In a word; no. I work with a lot of agents, and I investigate every one of them. I know what you’re thinking; why would I bother doing that if I’m after a good manuscript? The answer is that working with a bad agent is almost the same as working with a temperamental author. Both make me want to slit my throat.
As I’ve said before, I lurve agents. They streamline my job because they vetted the author and deemed their work publishable. I place a lot of faith in agents, and that’s why I will only work with those who have solid experience. These are the agents who know how to write a bang-up proposal. Their query letter tickles my fancy and makes me want more. Now.
These agents are prepared. If I ask for their client’s promo plan, they send it immediately. They understand the meaning of “plot” and avoid the all-description filler that drives us editors to an early grave, or a pitcher of margaritas – whichever comes first. They exude confidence and excitement for their client’s work.
They know my damn name. Yah, you’d think they would, right? But I have received queries from agents addressed to “Dear Editor.” In those cases, I repay the oversight by addressing them as “Dear Agent.” It’s rude. I don’t like it when I see it from an author, and I’m far less patient when it comes from an agent because it tells me they didn’t even bother to look at our submission guidelines – where my freaking name is ON THE PAGE. How hard can it be?
If I get a hint that an agent is fast and loose with their treatment of their authors, then what are they going to be like with me? When I sign an author, I also, by the merits of the golden umbilical cord, sign the agent. We work together throughout the pre- and post-production process, so if I don’t feel confident the agent is going to be an asset to the author, that means they won’t be an asset to me.
How do they hinder authors?
- They aren’t helpful in working on the author’s promotion plan. Promotion is a group effort, and the more brains working toward one goal increases the chances of success.
- They don’t understand how to read a royalty statement. I know this sounds silly, but our royalty statements are scary-easy to read, and having to walk an agent through the statement doesn’t promote confidence.
- They don’t keep in touch with the editor – just so see how things are going. There are times when an agent’s call his a lovely light bulb in a dark closet because they are bringing their experience to the party. Their ideas and opinions come from a slightly different perspective than mine, and I really appreciate that.
- Disinterest. The agent who makes the deal and walks away does their author a grave disservice. The job doesn’t end when the ink dries on the contract. They usually check in with me to see how editing or promotion plans are going. They get a copy of the edited manuscript, offer edits, or make suggestions.
Our philosophy is to only work with the best because it creates a domino effect that enhances our reputation. A good reputation equates to sales because the genre buyers see a pattern of high quality work from publishers whose authors are well-repped. This goes a long way to promoting the work as well. It’s a lot of little things that help boost a book into the limelight, and one of those rungs on the ladder is a darn good agent.
How do I know who’s good?
Lauren, in the comment section asked: how does a writer determine if an agent is an asset to potential editors? Lauren gets a free margarita for asking such a great question.
To this I would answer, ASK AROUND. Research is your very best friend. Get on writer’s boards like AW, where they have running commentaries on who rules and who drools. Sign up with Publisher’s Marketplace. This is an excellent resource to see who is selling what. They list book sales by genre, so you can easily see a list of agents who rep your genre, and you can see to whom they’re selling.
Choosing the right agent
I talked to a woman at the writer’s conference last weekend and she mentioned that she was repped by Grand Poobah Lit Agency. I’m talking about an agency who represents authors who breathe rarefied air.

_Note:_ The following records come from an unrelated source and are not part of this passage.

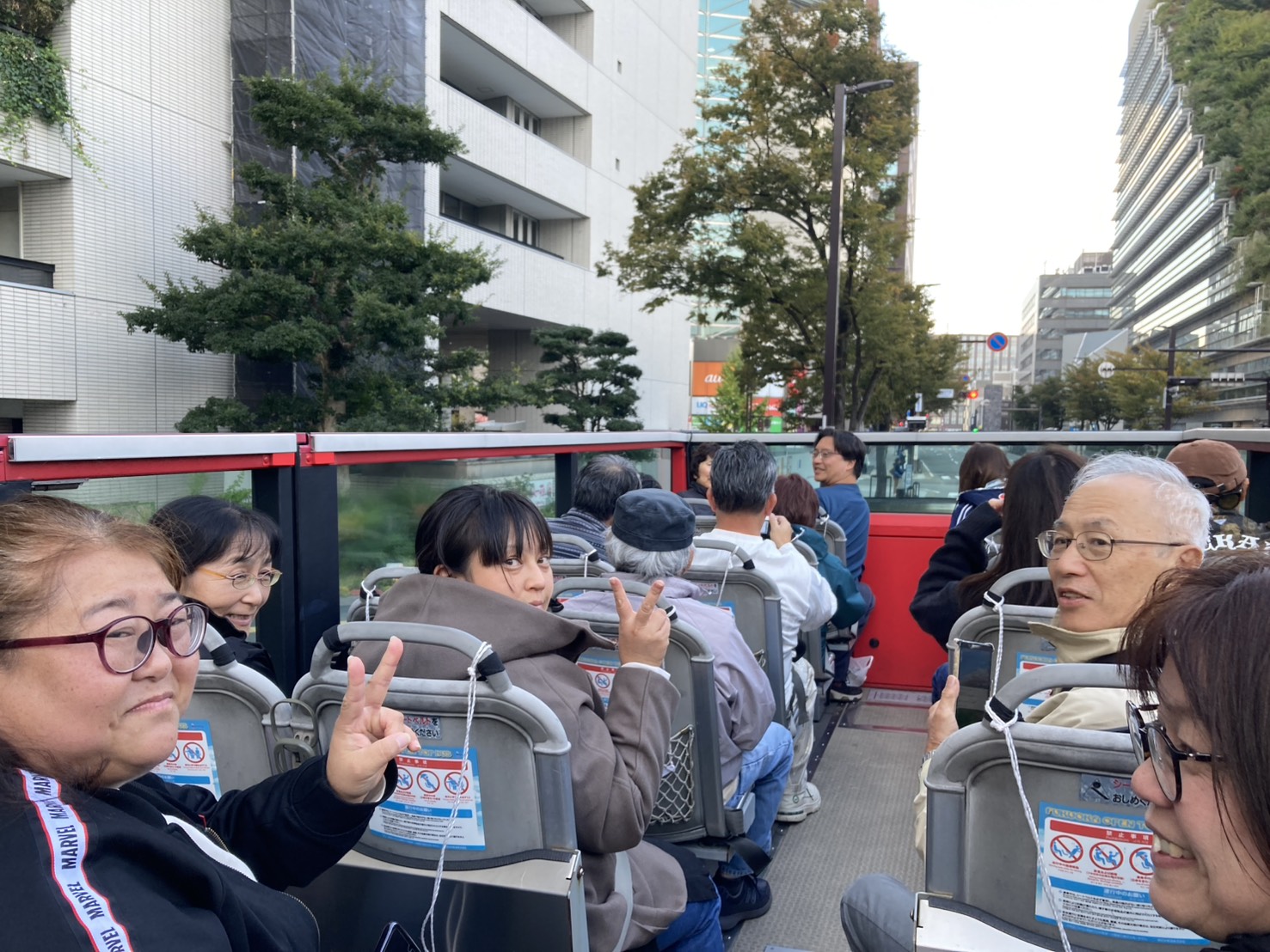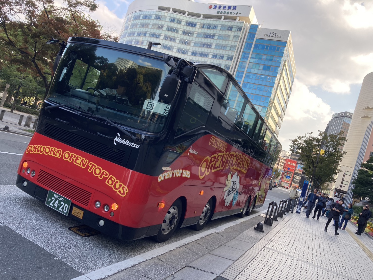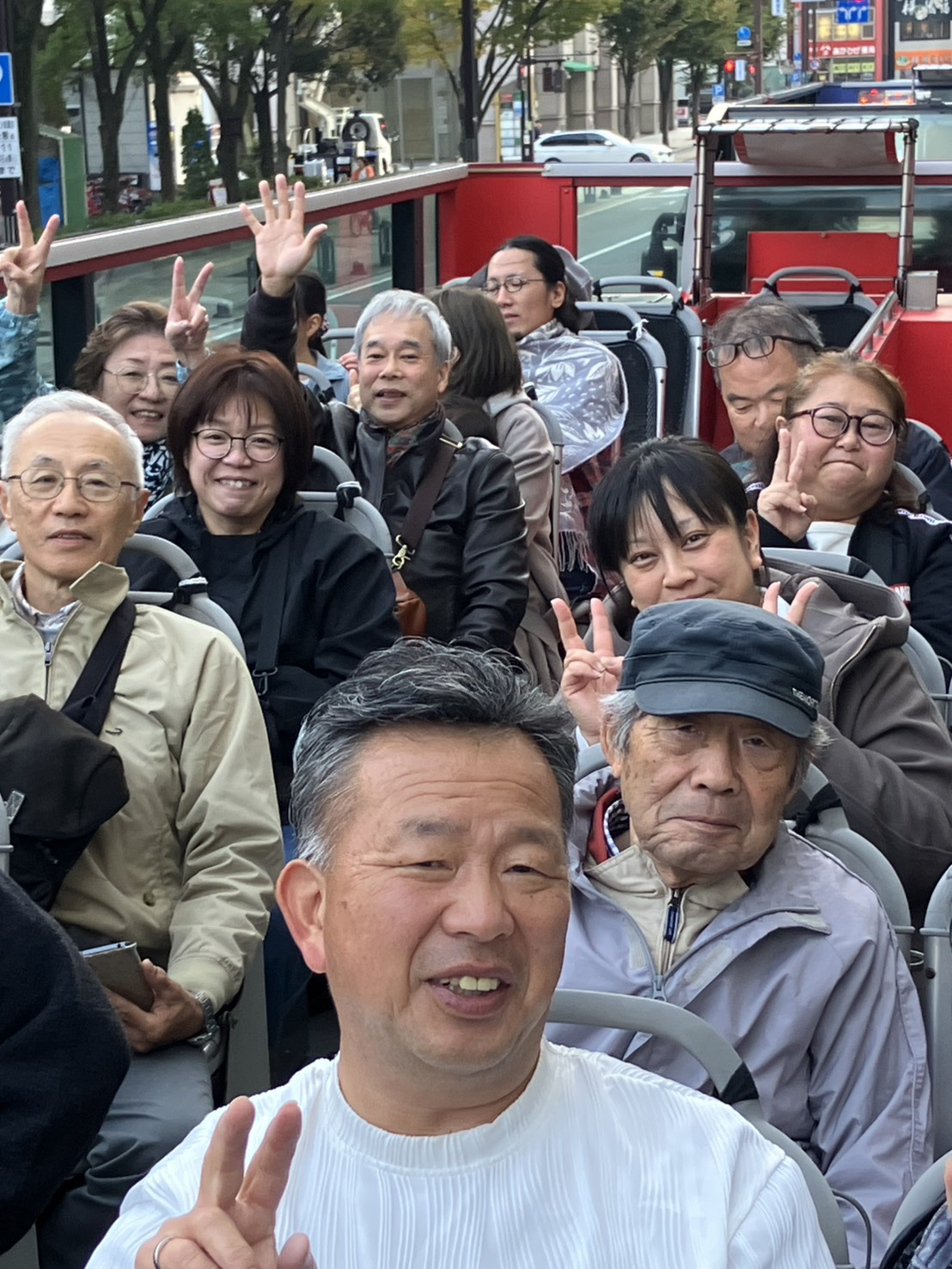 。防災センターでは震度7の地震や火事の際の避難などを体験し、オープントップバスは説明を聞きながら福岡市内を回って、とても楽しく研修ができました。
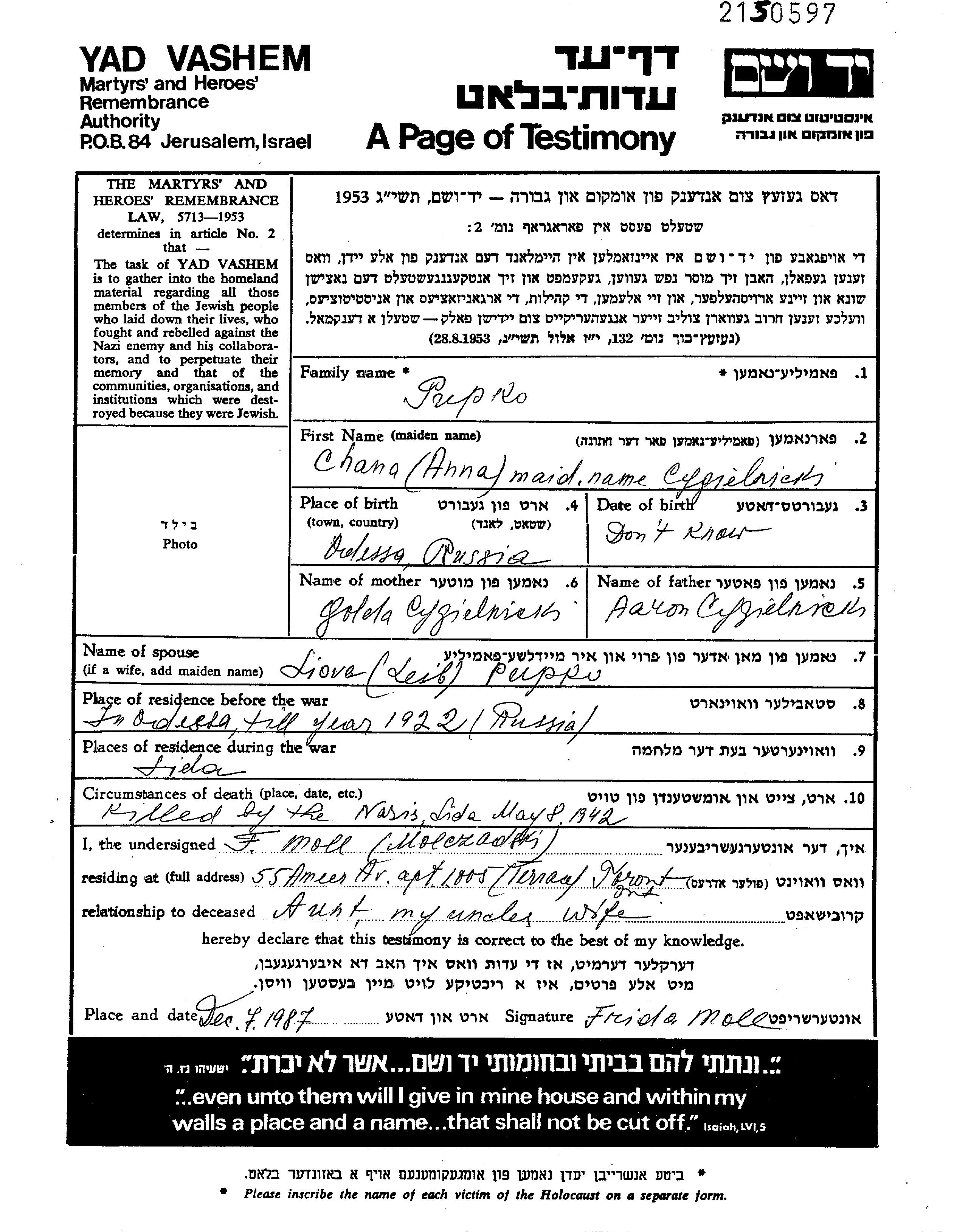 Пупко Попко Хана Анна Одесса, Украина (СССР) Лист свидетельских показаний
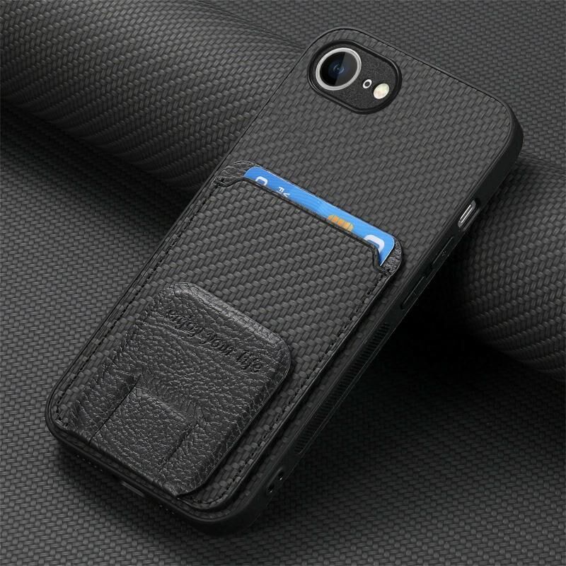Θήκη τηλεφώνου για iPhone 16e από ανθρακονήματα με θήκη κάρτας και πτυσσόμενη βάση (Μπλε)
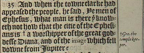 35 And when the towne clarke had appeased the people, he said, Ye men of Ephesus, what man is there þt knoweth not how that the citie of the Ephesians is +a worshipper of the great goddesse Diana, and of the image which fell downe from Iupiter? [+Gre. the temple keeper. ]
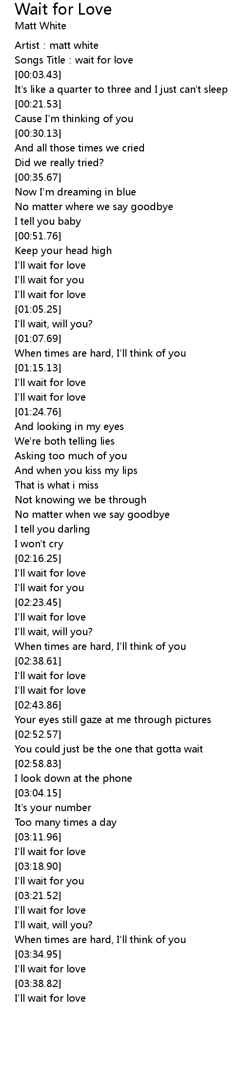 | [03:23.27] | I'll wait for love |
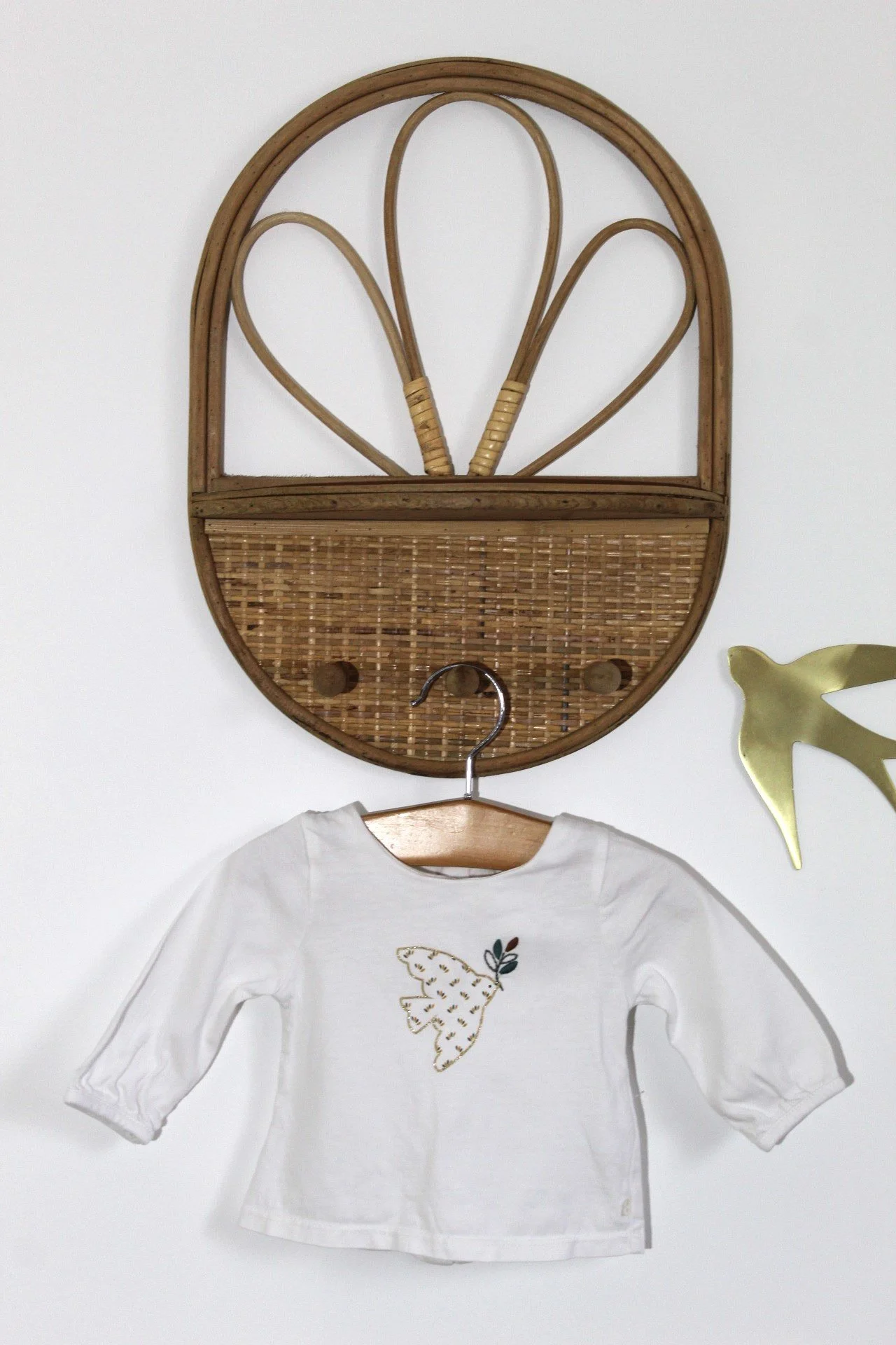 Motif oiseau - couleurs blanc, dorée et vert

She complained that her agent hadn’t done anything for her in the year he’d repped her. My response was that he probably wouldn’t, either. Not at this late date.
See, he’s busy selling Mr./Ms. Poobah Author for millions, and he really doesn’t have the time or interest in paying attention to you, Mr./Ms. Debut Author. Chances are he pushed your manuscript around to all the likely suspects in hopes that he had a debut author with cash cow possibilities. When no one bit, he shoved you aside.
This is not the type of agent who will query the likes of smaller publishers because he’s not going to make nearly as much money. So, while it may be very cool to say, “I’m repped by Agent Poobah, dahling,” that and a dollar will buy you a Twinkie.
A lesser agent, and I’m talking about agents who make sales to all types of publishers for all kinds of advances, may be the better choice. They’ll take time to work with you and spend time pitching you to all sizes of publishers – all in the attempt to get your work sold for the very best deal they can get. Face it – not every book sells for millions, and Ms. Realistic Agent – who breathes the same air we do – understands this.
Is this better, Lauren?
Lastly, let’s be honest; we all want to associate with the best because publishing is a game of reputation and quality. We’re in this game to win and to propel our authors into the limelight because they wrote fabulous books. The agent with a great reputation enhances. The skank agent hinders. Be sure that your agent is among your biggest assets.